- Task details -
The listing, minus its pictures, is to be given again exactly.

*** Block opens ***

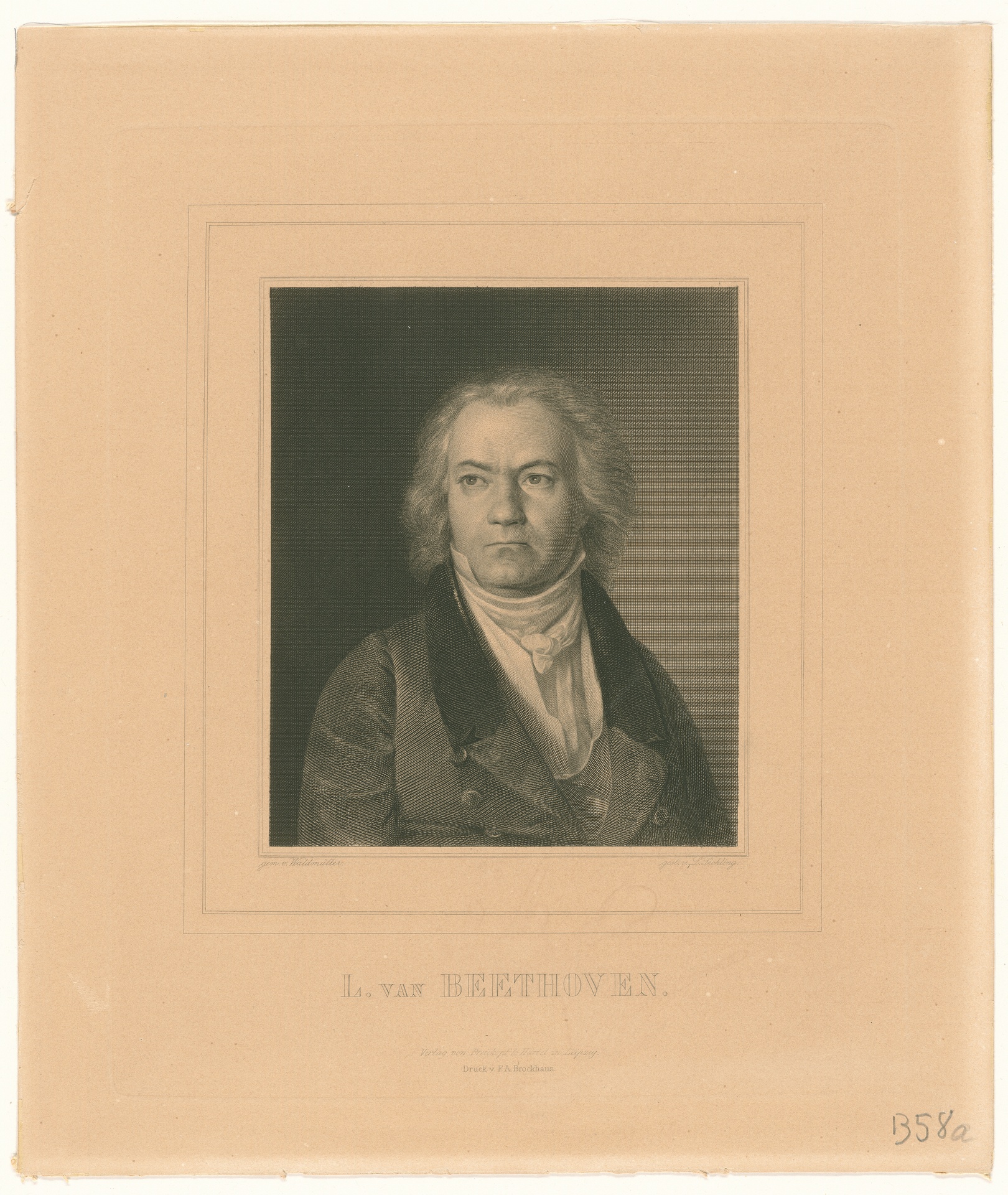Ludwig van Beethoven - Stich von Lazarus Gottlieb Sichling nach einem Gemälde von Ferdinand Georg Waldmüller von 1823, Leipzig, Mitte 19. Jahrhundert
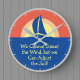 Yacht citerar på en väggklocka. Vi kan inte styra Vinden, men vi kan justera segeln! Solnedgång med Yacht Sailing klocka. Tanken på en segelbåt eller segelbänk kanske.
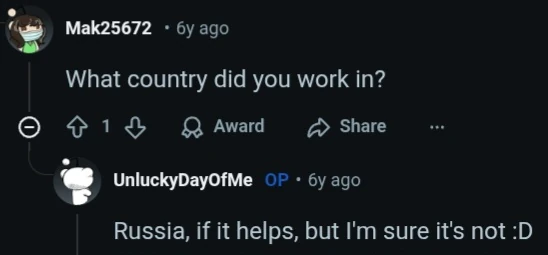 In reply to that, user Mak25672 asked what country Unlucky worked in, they said they worked in Russia, but they doubted the singer was Russian.[4]
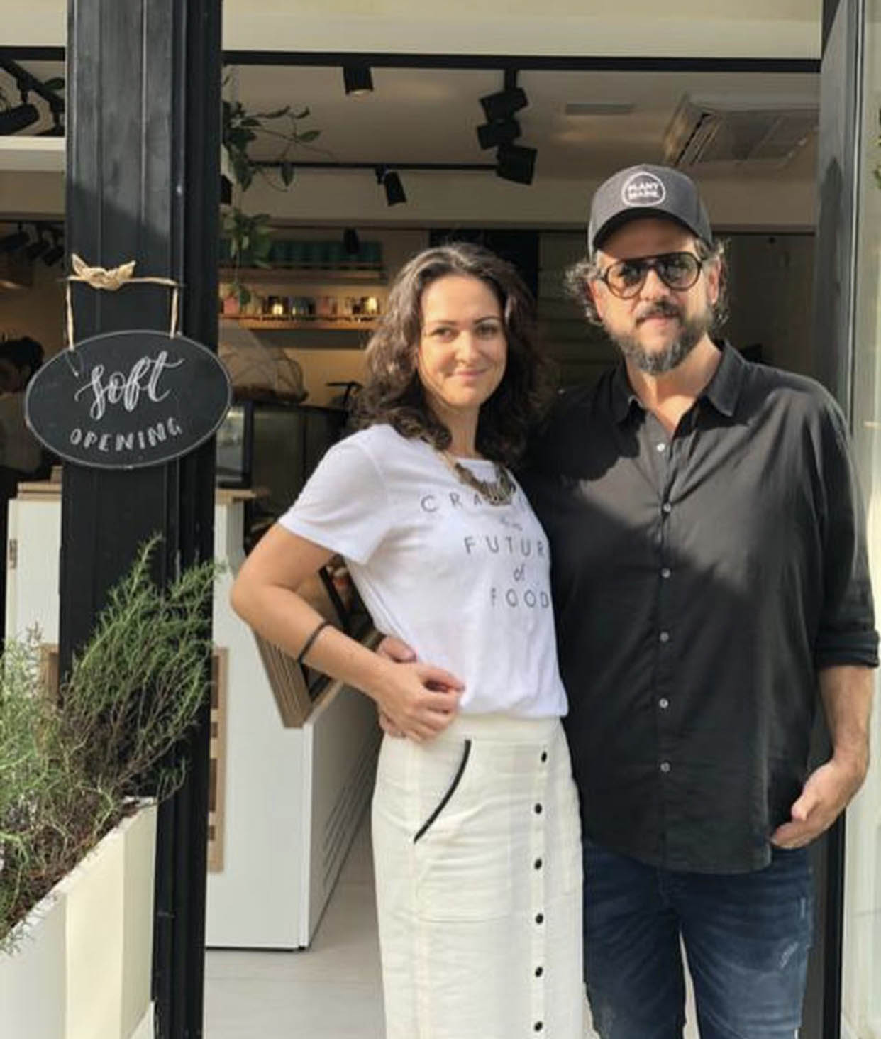 Just Real Moms – Maternidade e Veganismo – Dani e Fabio Zukerman na fachada do restaurante
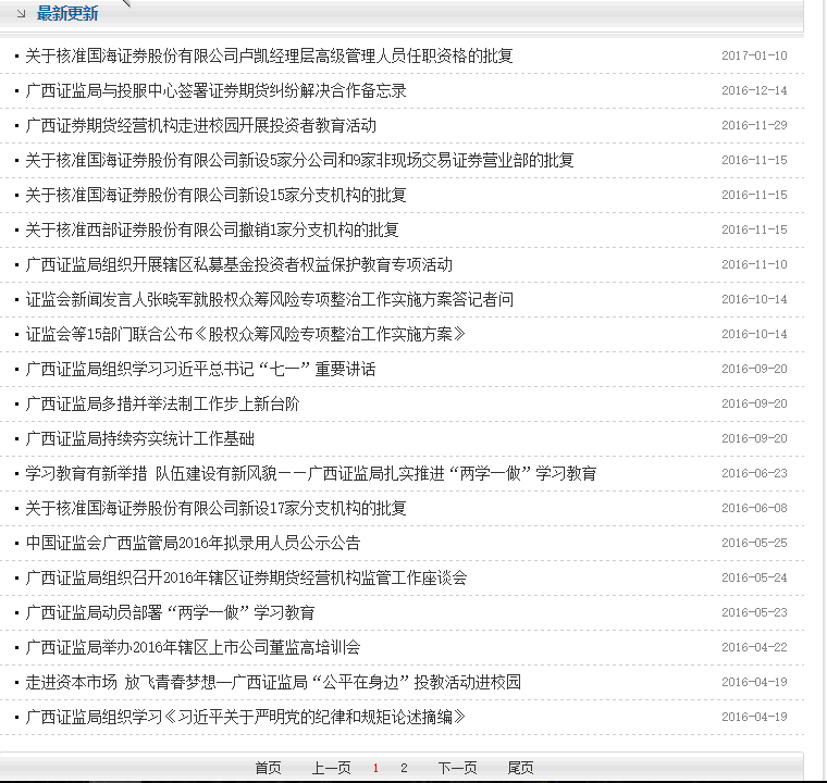 圖1 廣西證監局官方網(wǎng)站截圖
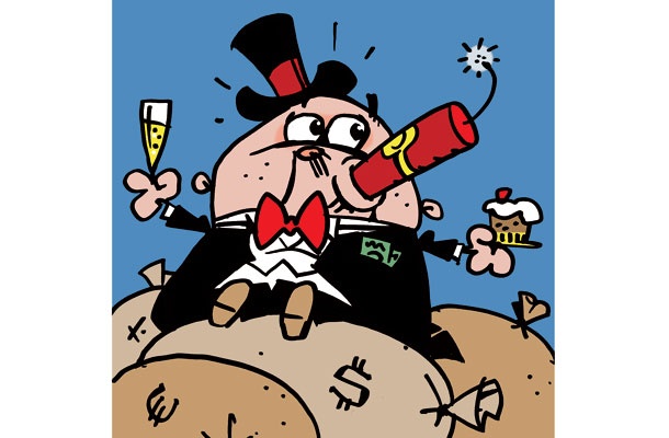 V današnjem svetu ni proizvodnja in trgovina vir za bogatenje, ampak manipulacije in goljufije na globalni ravni. »Povedano z drugimi besedami, opravka imamo z institucionalizirano krajo, ki je vključena v finančni sistem. To ni nekaj, kar bi lahko opisali kot akumulacija kapitala iz produktivnih procesov, niti nekaj, kar bi nastalo z delom teh bogatih ljudi,« je v pogovoru za Press TV dejal profesor Michel Chossudovsky. Vir za bogatenje je razgradnja in uničenje realnega gospodarstva, kjer so majhna in srednje velika podjetja prisiljena bankrotirati. Bogatenje vodi do izločitve finančnega sistema iz realnega gospodarstva in masovne koncentracije lastništva.
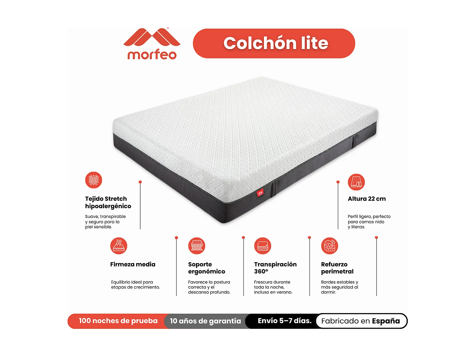 Colchón infantil con viscoelástica Lite 180x200 cm – Ideal para niños
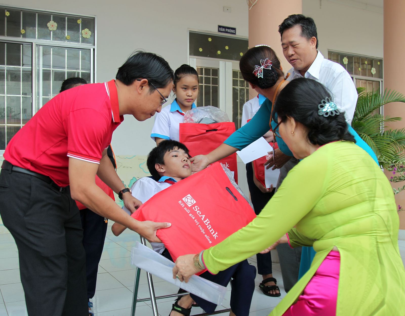 Em Trần Lâm Phúc Toàn nhận quà và học bổng từ SeABank. Ảnh: Nguyễn Minh

*** Block closes ***

- Response area -
Ludwig van Beethoven - Stich von Lazarus Gottlieb Sichling nach einem Gemälde von Ferdinand Georg Waldmüller von 1823, Leipzig, Mitte 19. Jahrhundert
 Yacht citerar på en väggklocka. Vi kan inte styra Vinden, men vi kan justera segeln! Solnedgång med Yacht Sailing klocka. Tanken på en segelbåt eller segelbänk kanske.
 In reply to that, user Mak25672 asked what country Unlucky worked in, they said they worked in Russia, but they doubted the singer was Russian.[4]
 Just Real Moms – Maternidade e Veganismo – Dani e Fabio Zukerman na fachada do restaurante
 圖1 廣西證監局官方網(wǎng)站截圖
 V današnjem svetu ni proizvodnja in trgovina vir za bogatenje, ampak manipulacije in goljufije na globalni ravni. »Povedano z drugimi besedami, opravka imamo z institucionalizirano krajo, ki je vključena v finančni sistem. To ni nekaj, kar bi lahko opisali kot akumulacija kapitala iz produktivnih procesov, niti nekaj, kar bi nastalo z delom teh bogatih ljudi,« je v pogovoru za Press TV dejal profesor Michel Chossudovsky. Vir za bogatenje je razgradnja in uničenje realnega gospodarstva, kjer so majhna in srednje velika podjetja prisiljena bankrotirati. Bogatenje vodi do izločitve finančnega sistema iz realnega gospodarstva in masovne koncentracije lastništva.
 Colchón infantil con viscoelástica Lite 180x200 cm – Ideal para niños
 Em Trần Lâm Phúc Toàn nhận quà và học bổng từ SeABank. Ảnh: Nguyễn Minh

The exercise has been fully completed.